Pengurus Besar Nahdlatul Ulama (PBNU) meluncurkan buku berjudul 'Perjuangan Besar Nahdlatul Ulama' di kantor PBNU Pusat, Jakarta, Rabu (11/3/2020). Buku ini menceritakan asal usul lahirnya Nahdlatul Ulama (NU) di Indonesia.
Menurut sang penulis yang tidak lain adalah Katib 'Am atau Sekretaris Umum PBNU Yahya Cholil Staquf, NU lahir pada tahun 1926 atau setelah peradaban Kekhalifahan Turki Usmani runtuh. Padahal, saat itu Kekhalifahan Turki Usmani merupakan representatif dunia Islam.
SCROLL TO CONTINUE WITH CONTENT
Umat Islam pun mencari-cari peradaban baru seperti apa yang harus bisa dibuat. Maka dari itu, muncul lah usulan dari Kiai Wahab Hasbullah untuk mendirikan NU sebagai solusi dari runtuhnya peradaban lama.
Namun, usulan tersebut tak langsung disambut. Sang guru dari Kiai Wahab, Kiai Haji Muhammad Hasyim Asy'ari meminta persetujuan kepada gurunya lagi, Kiai Muhammad Kholil Bangkalan. Dari situ, NU diberikan izin untuk didirikan.
"Keyakinan kita itu mendirikan NU untuk menyongsong peradaban baru karena belum ada yang tahu siapa yang menggantikan konstruksi lama," jelas dia di sela-sela peluncuran buku 'Perjuangan Besar Nahdlatul Ulama'.

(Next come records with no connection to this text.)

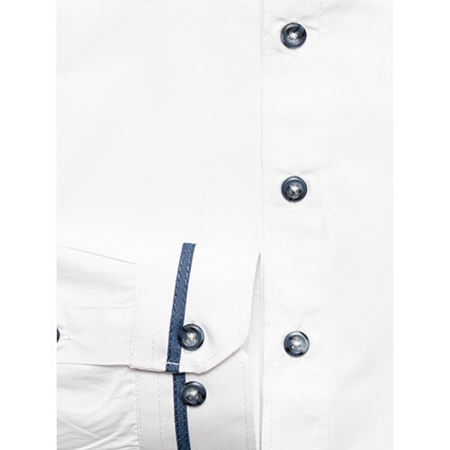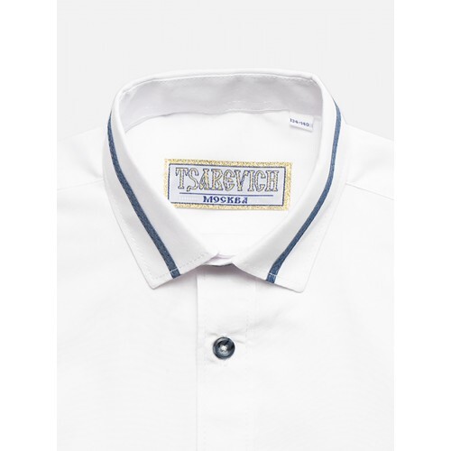 Состав: 80% хлопок 20% полиэстер Модель прямого кроя, комбинированная контрастной полоской по вороту и манжетам. Цвет белый. Длинный рукав. Товар сертифицирован.
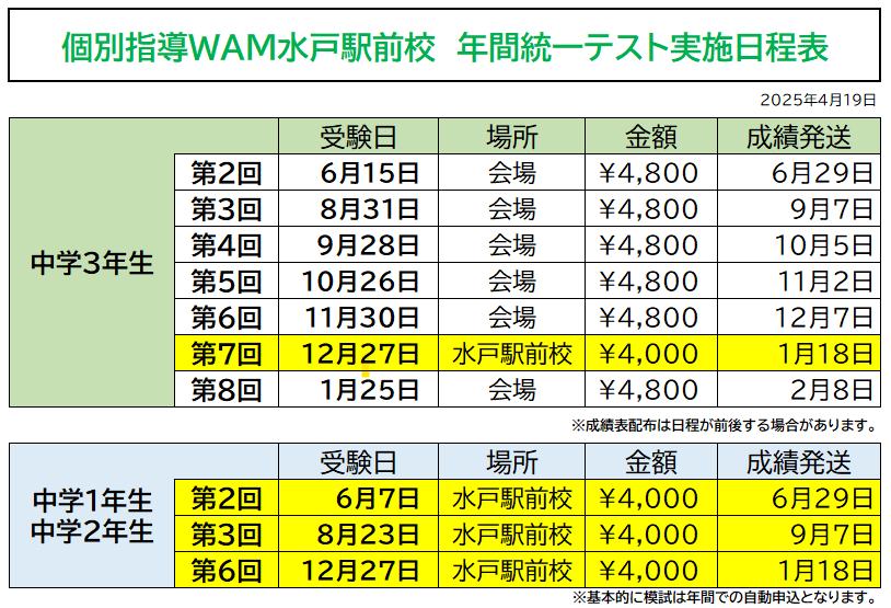 🚀 朗報!英検受験は個別指導WAMにお任せ! 1月24日(土)英検準会場受験のご案内(5級〜2級)※準2級プラスは開催されません 個別指導WAM刑部校の生徒の皆さん、保護者の皆様、こんにちは! 今年も英検の目標級合格に向けて、一緒に頑張りましょう! この度、個別指導WAMの太田校が、英検の準会場として認定されました! 刑部校の生徒さん・英検にご興味のある外部生も、いつもの塾の環境に近い、馴染みのある「WAM」の教室で、リラックスして本番の試験に臨めます。 外部会場での受験に不安を感じる方、初めて受験する方、ぜひこの機会をご活用ください。 試験日: 令和7年1月24日(土) …
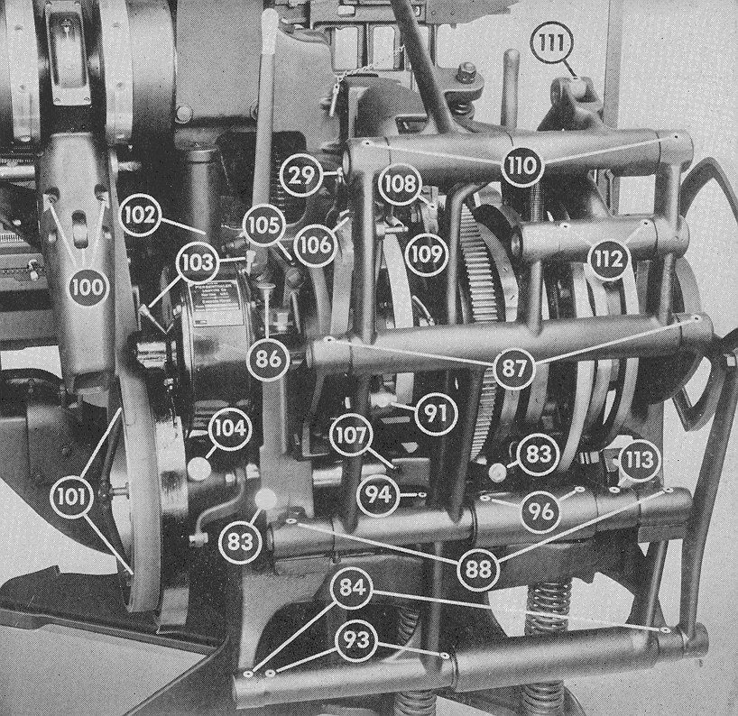 103 Motor Armature Bearing Grease Cups (2) (NOTE: A medium ball-bearing grease should be used on the type of motor illustrated. For older style motors having oil cups, use Linotype oil X-24.)
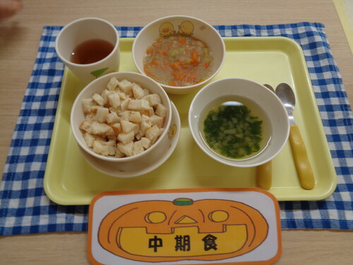 午後おやつ・・・ほうじ茶、おかかおにぎり
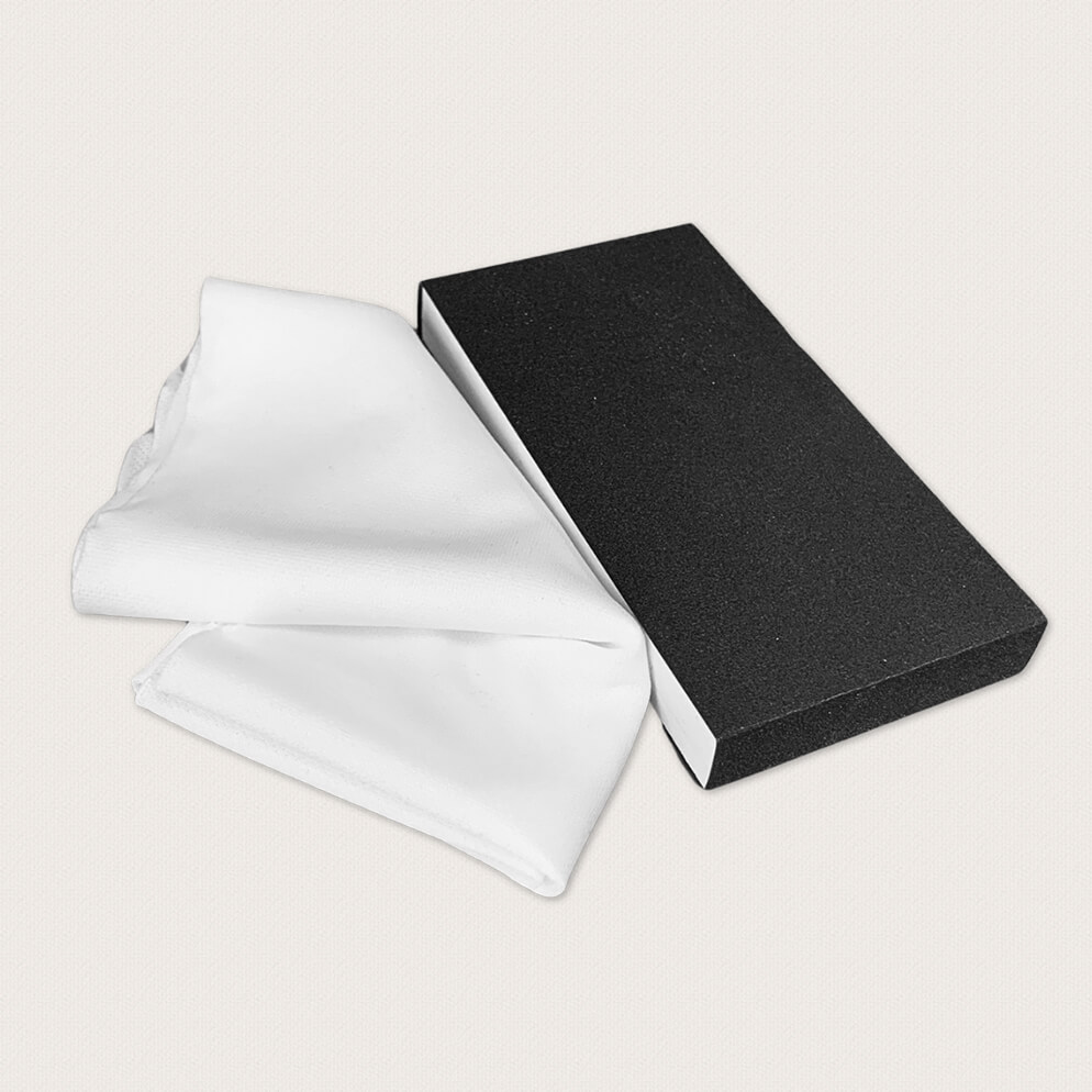 Ett slipkit för att slipa och återskapa en fin lyster. Ge en fin borstad yta, medföljer en slipkloss och en putsduk.
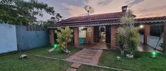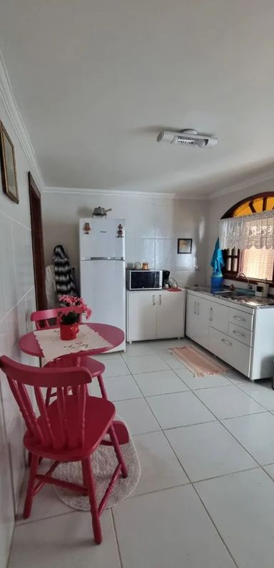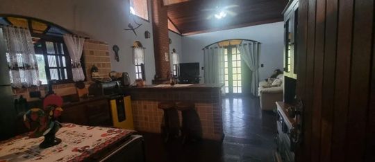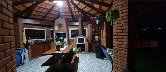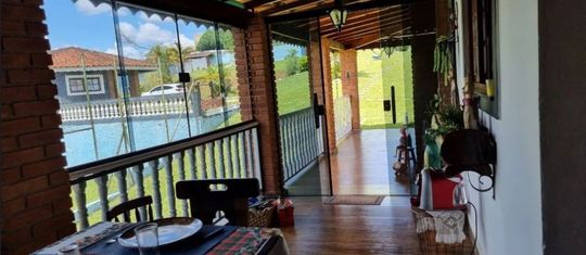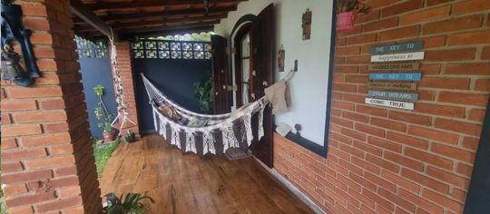 A residência principal é térrea e extremamente aconchegante, contando com 2 dormitórios, sala com lareira em estilo chalé, cozinha americana, banheiro com box, lavabo, lavanderia e uma ampla varanda perfeita para momentos de descanso. O imóvel ainda dispõe de uma segunda moradia independente na parte inferior, ideal para hóspedes ou familiares, com 2 dormitórios, cozinha e banheiro.

Selain itu, kata pria yang akrab disapa Gus Yahya ini, nama NU memiliki arti yang sangat mendalam, yakni kumpulan untuk merintis tanggapan terhadap perubahan peradaban yang diketuai oleh ulama.

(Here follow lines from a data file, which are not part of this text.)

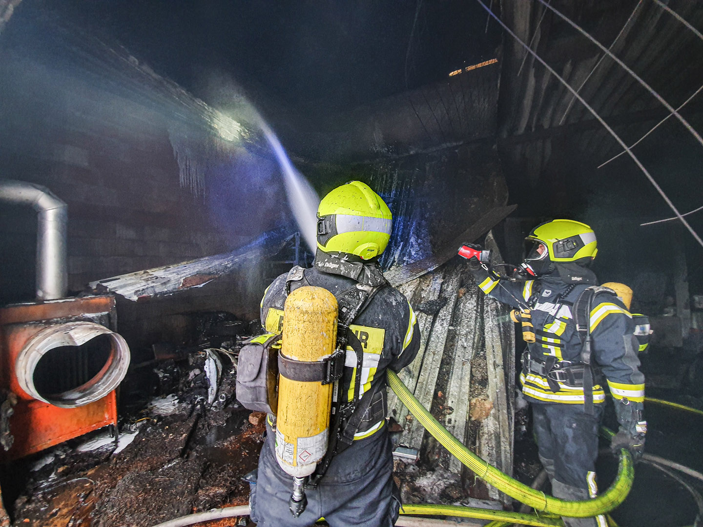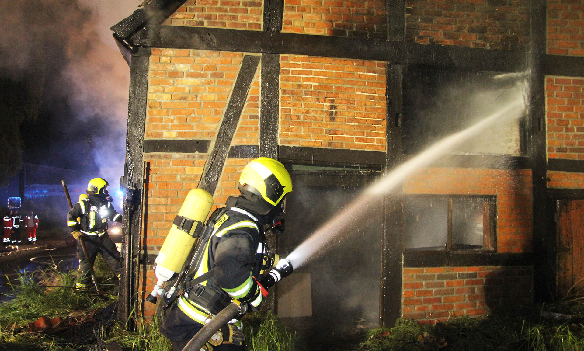 Der Inbegriff der Feuerwehr sind die Atemschutzgeräteträger. Die Frauen und Männer, die ins Feuer oder in atemgefährdende Bereiche gehen, durchlaufen eine spezielle Ausbildung. Nach der Grundausbildung und den weiterführenden Lehrgängen, Truppmann und Sprechfunk, benötigen die Kräfte eine 24 Stunden umfassende Ausbildung zum Atemschutzgeräteträger. Zuvor ist die gesundheitliche Untersuchung bei einem Arbeitsmediziner zwingend erforderlich. Die zumeist körperlich anstrengende Arbeit fordert die Fitness der Frauen und Männer immer wieder auf ein Neues heraus. Das rund 10 kg schwere Atemschutzgerät auf dem Rücken schränkt nicht nur die Beweglichkeit ein, sondern sorgt auch für zusätzliche Anstrengungen. In der Flasche von dem Atemschutzgerät befindet sich komprimierte Atemluft, diese Frischluft wird über eine Schlauchleitung in die Atemschutzmaske geführt. Umluftunabhängig können so Arbeiten in dichtem Brandrauch oder in gefährlichen Gasen durchgeführt werden. Um die Belastungen im Einsatz auszustehen und den Umgang mit dem komplexen System zu vertiefen, treffen sich die Atemschutzgeräteträger regelmäßig, um den Einsatz zu trainieren. Vom Einsetzen eines Rauchschutzvorhang, um eine Rauchgrenze an einer Wohnungstür zu setzen, bis zum Öffnen einer Wohnungstür mittels Brechwerkzeug wird alles geprobt. Der richtige Umgang mit dem Hohlstrahlrohr ist genauso wichtig wie das Verhalten bei einem Atemschutznotfall.
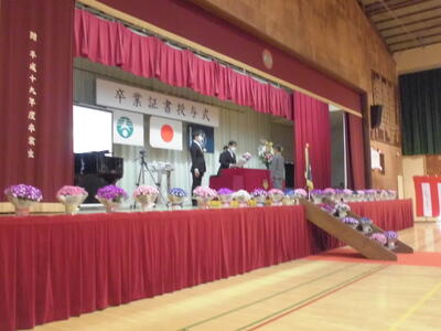 (卒業式の会場もきれいに準備されています。)
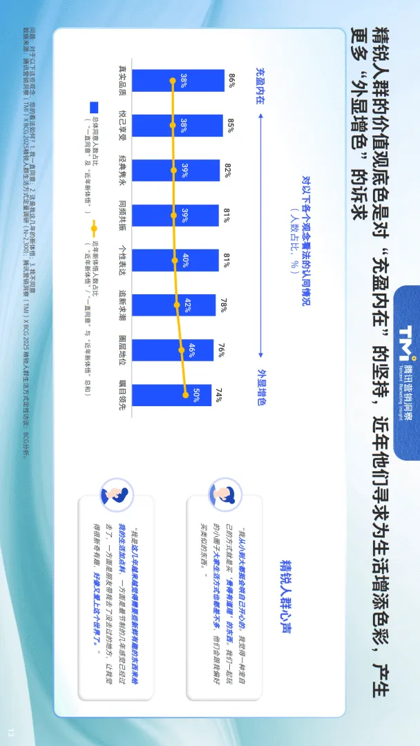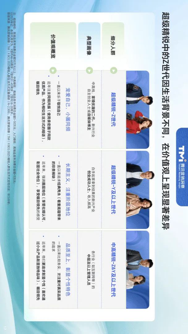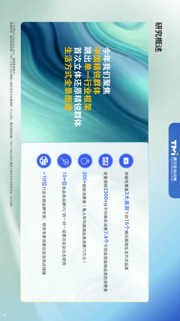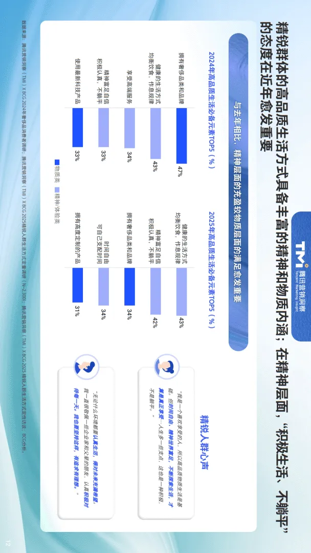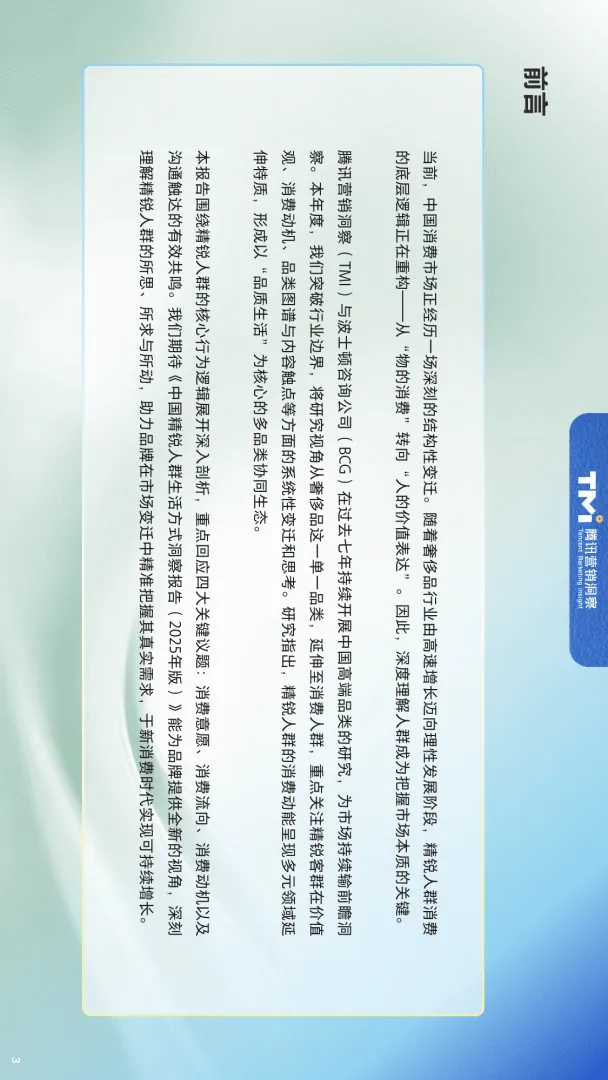 近日,腾讯营销洞察(TMI)与波士顿咨询(BCG)联合发布了《2025年中国精锐人群生活方式洞察报告》,基于去年2300+定量调研与200+超级消费者深度访谈,全景解析年收入20万元以上、年消费3个以上高端品类的精锐人群生活方式与消费趋势。

"Gimana sikap Islam terhadap perubahan itu maka yang harus jawab adalah ulama. Makanya namanya Nahdlatul Ulama," tegas dia.
Maka dari itu, ia menjelaskan NU bertugas untuk mencari peradaban baru untuk umat Islam pasca runtuhnya Kekhalifahan Turki Usmani. Bahkan, saat ini NU disebut telah menjadi rujukan bagi umat Islam global.
"Jadi tugas itu mencari bersama-sama. Nah, NU hari ini sudah mulai dilihat dunia sebagai rujukan yang masuk akal sebagai rujukan dunia, bahwa cita-cita NU mewujudkan peradaban baru yang lebih mulia, harmonis yang memiliki kesetaraan hak dan martabat," tutup dia.